▸ **WHAT YOU NEED TO DO**
Include no pictures. Output exactly the lines from the one that contains "10月15日下午,由青岛市妇" through the final line of the entries.

Segment Start: TASK INPUTS

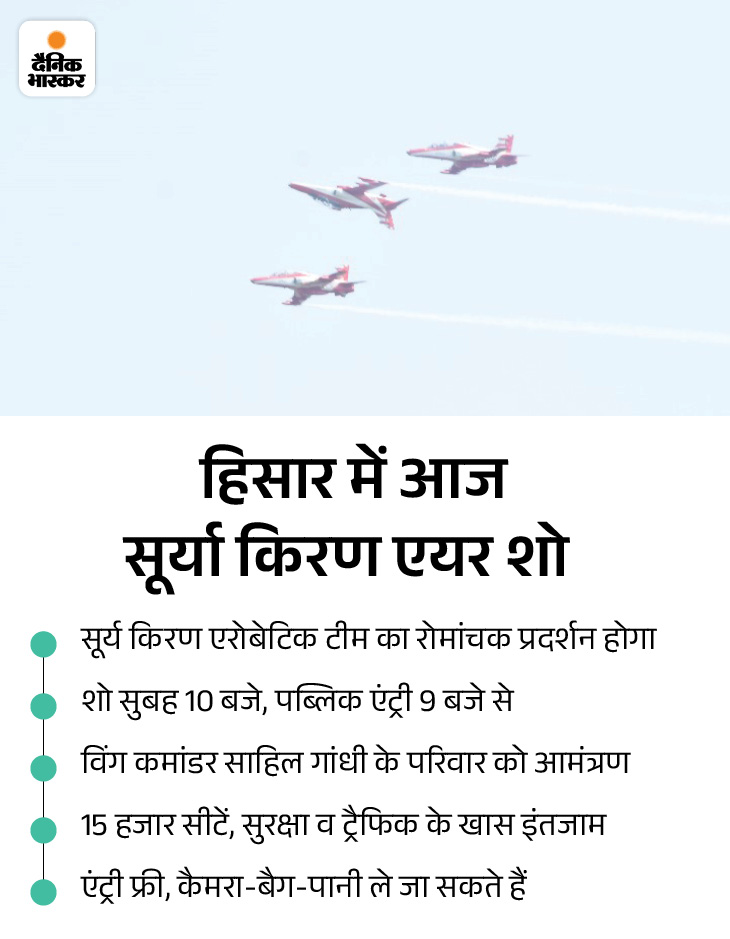 Martyr Wing Commander also invited The emotional aspect of this show is also special. The Surya Kiran team has personally invited the family of Martyr Wing Commander Sahil Gandhi of Hisar. In 2019, Sahil Gandhi was martyred after two aircraft of Surya Kiran collided in Bengaluru. His martyrdom will also be saluted through the air show.
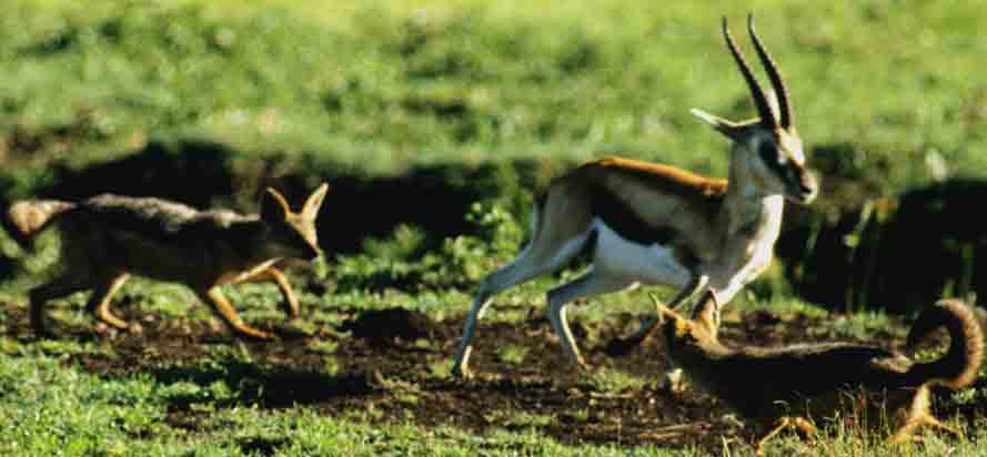 Blackbacked Jackels & Thompson's Gazelle-Image 3: When a second Jackel appears, the Thompson's Gazelle decides its time to leave. (I have seen two jackels pull down and kill a female impala of about the same size, but they could have seriously hurt him: one bite of their sharp teeth on his hind leg tendon could cripple him, and make him an easy target for other carnivores. [Serengeti, Tan].
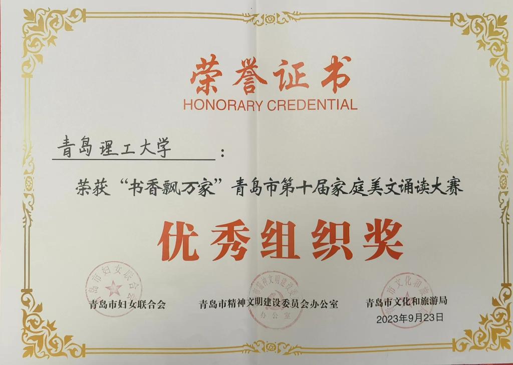 10月15日下午,由青岛市妇联、青岛市文明办、青岛市文化和旅游局主办,青岛市妇女儿童活动中心承办的“书香飘万家” 青岛市第十届家庭美文诵读大赛颁奖仪式在青岛市广播电视台800米演播大厅举行。人文与外国语学院王美玲家庭参赛作品《祖国到底是什么》获三等奖,后勤管理处王雅婷家庭的《我爱我的祖国》、建筑与城乡规划学院李岩家庭的《颜氏家训》分获优秀奖,365完美获优秀组织奖。
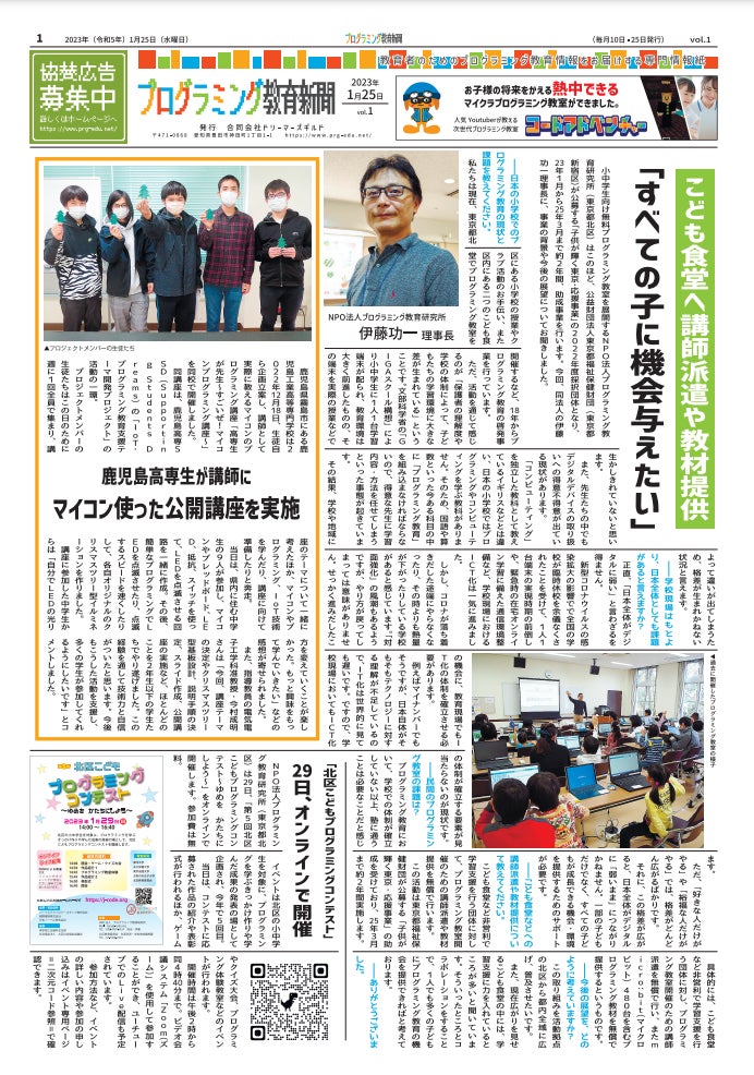 プログラミング教育新聞は、小学生~高校生までの教育に携わる教育者向けのメディアです。
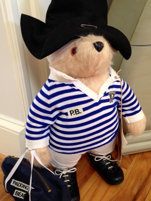 Biggest surprise was a knock knock knock at the front door, where I discovered this charming 20″ Rugby Paddington, made by Gabrielle Designs in England back in 1985. He was a tad tired after his long journey from California via Denver, New Jersey, and Pennsylvania, but quickly revived with marmalade toast and tea. He still won’t tell me what’s in his duffel bag.
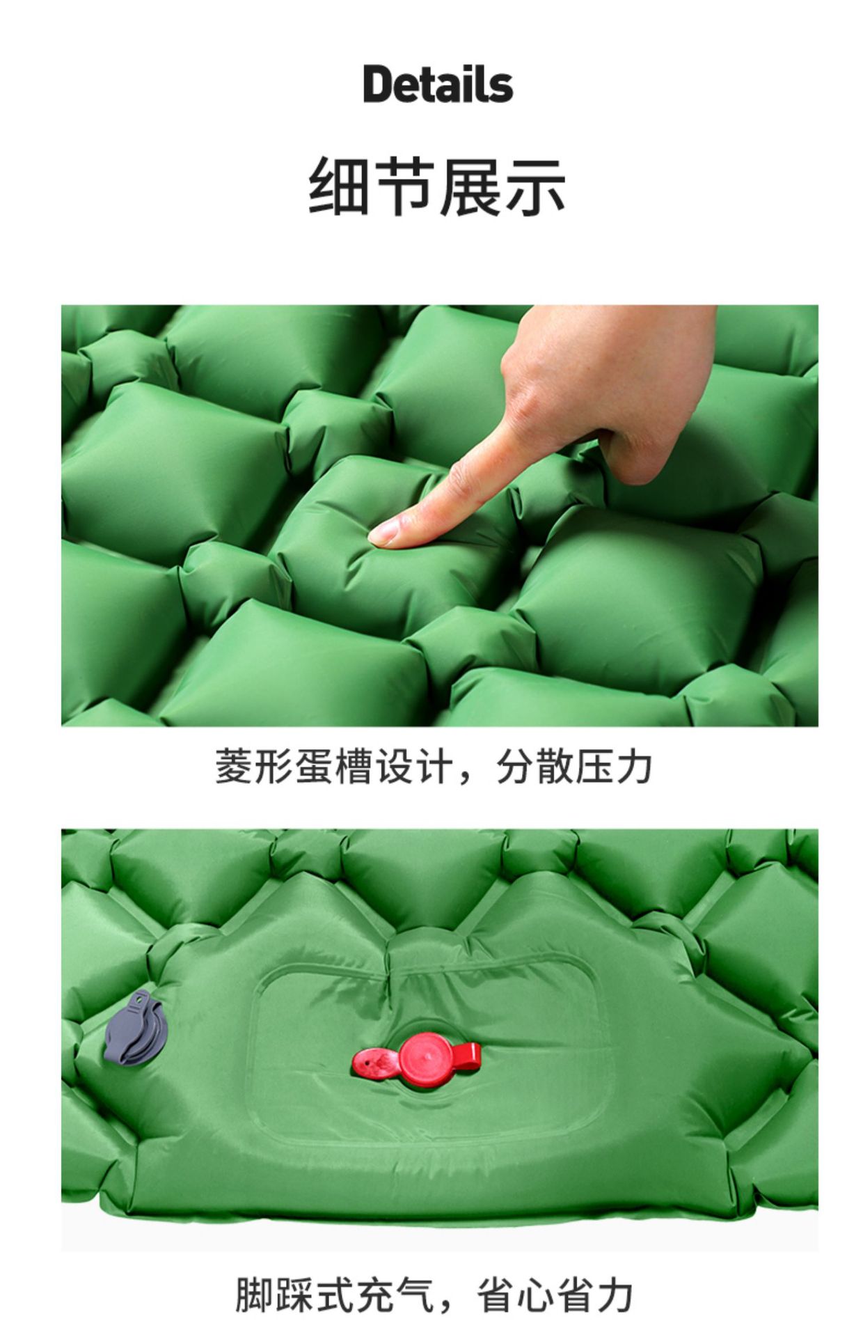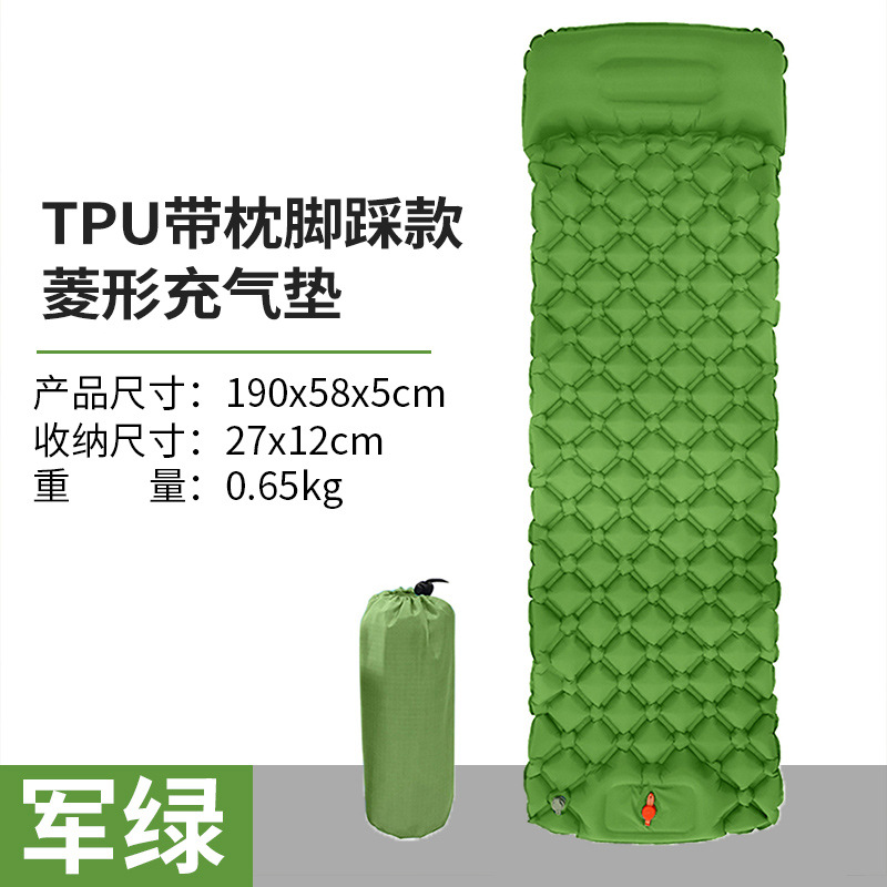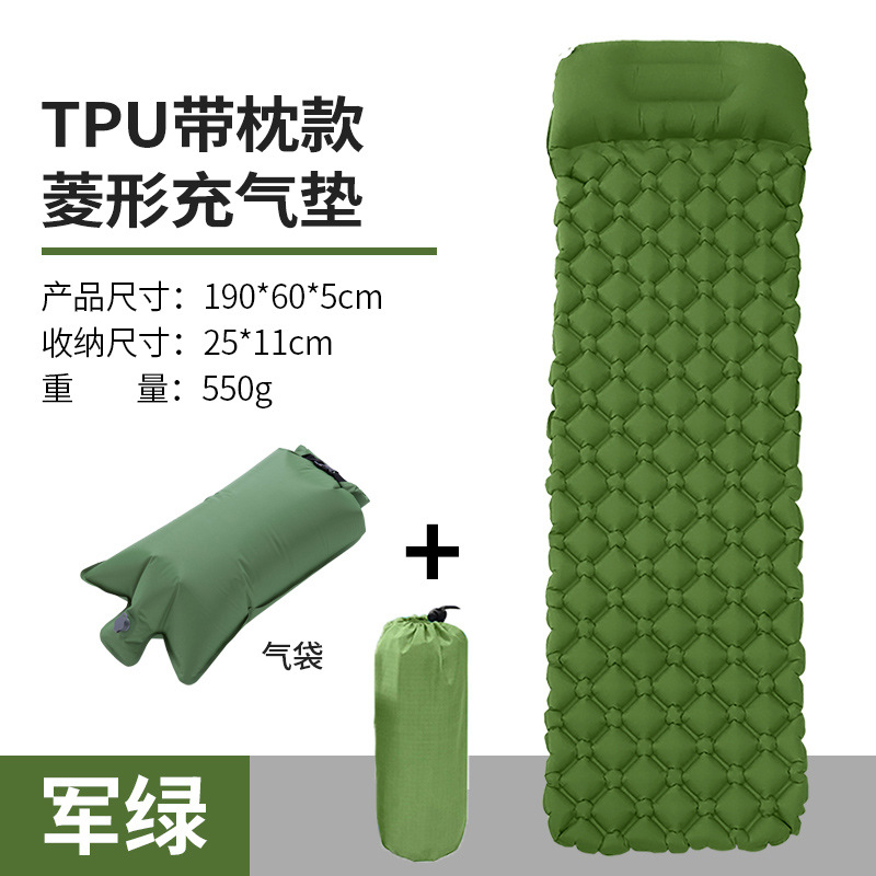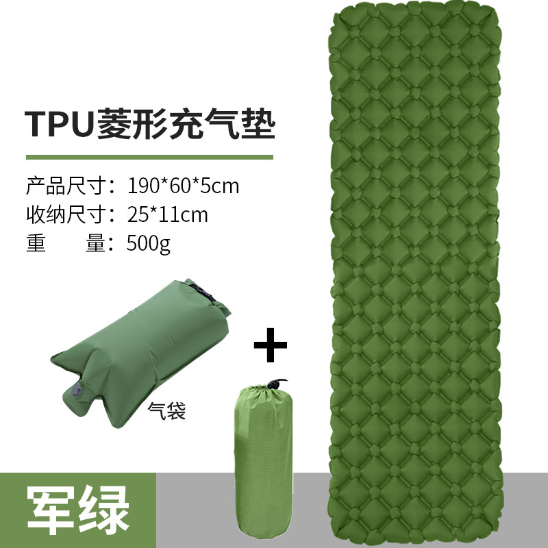 • ↢↢↢표준 모델 - TPU 다이아몬드 모양의 베개가 있는 풍선 매트(밀리터리 그린) + 풍선 가방↴↴↴

Segment End: TASK INPUTS

▸ **RESPONSE AREA**
 10月15日下午,由青岛市妇联、青岛市文明办、青岛市文化和旅游局主办,青岛市妇女儿童活动中心承办的“书香飘万家” 青岛市第十届家庭美文诵读大赛颁奖仪式在青岛市广播电视台800米演播大厅举行。人文与外国语学院王美玲家庭参赛作品《祖国到底是什么》获三等奖,后勤管理处王雅婷家庭的《我爱我的祖国》、建筑与城乡规划学院李岩家庭的《颜氏家训》分获优秀奖,365完美获优秀组织奖。
 プログラミング教育新聞は、小学生~高校生までの教育に携わる教育者向けのメディアです。
 Biggest surprise was a knock knock knock at the front door, where I discovered this charming 20″ Rugby Paddington, made by Gabrielle Designs in England back in 1985. He was a tad tired after his long journey from California via Denver, New Jersey, and Pennsylvania, but quickly revived with marmalade toast and tea. He still won’t tell me what’s in his duffel bag.
 • ↢↢↢표준 모델 - TPU 다이아몬드 모양의 베개가 있는 풍선 매트(밀리터리 그린) + 풍선 가방↴↴↴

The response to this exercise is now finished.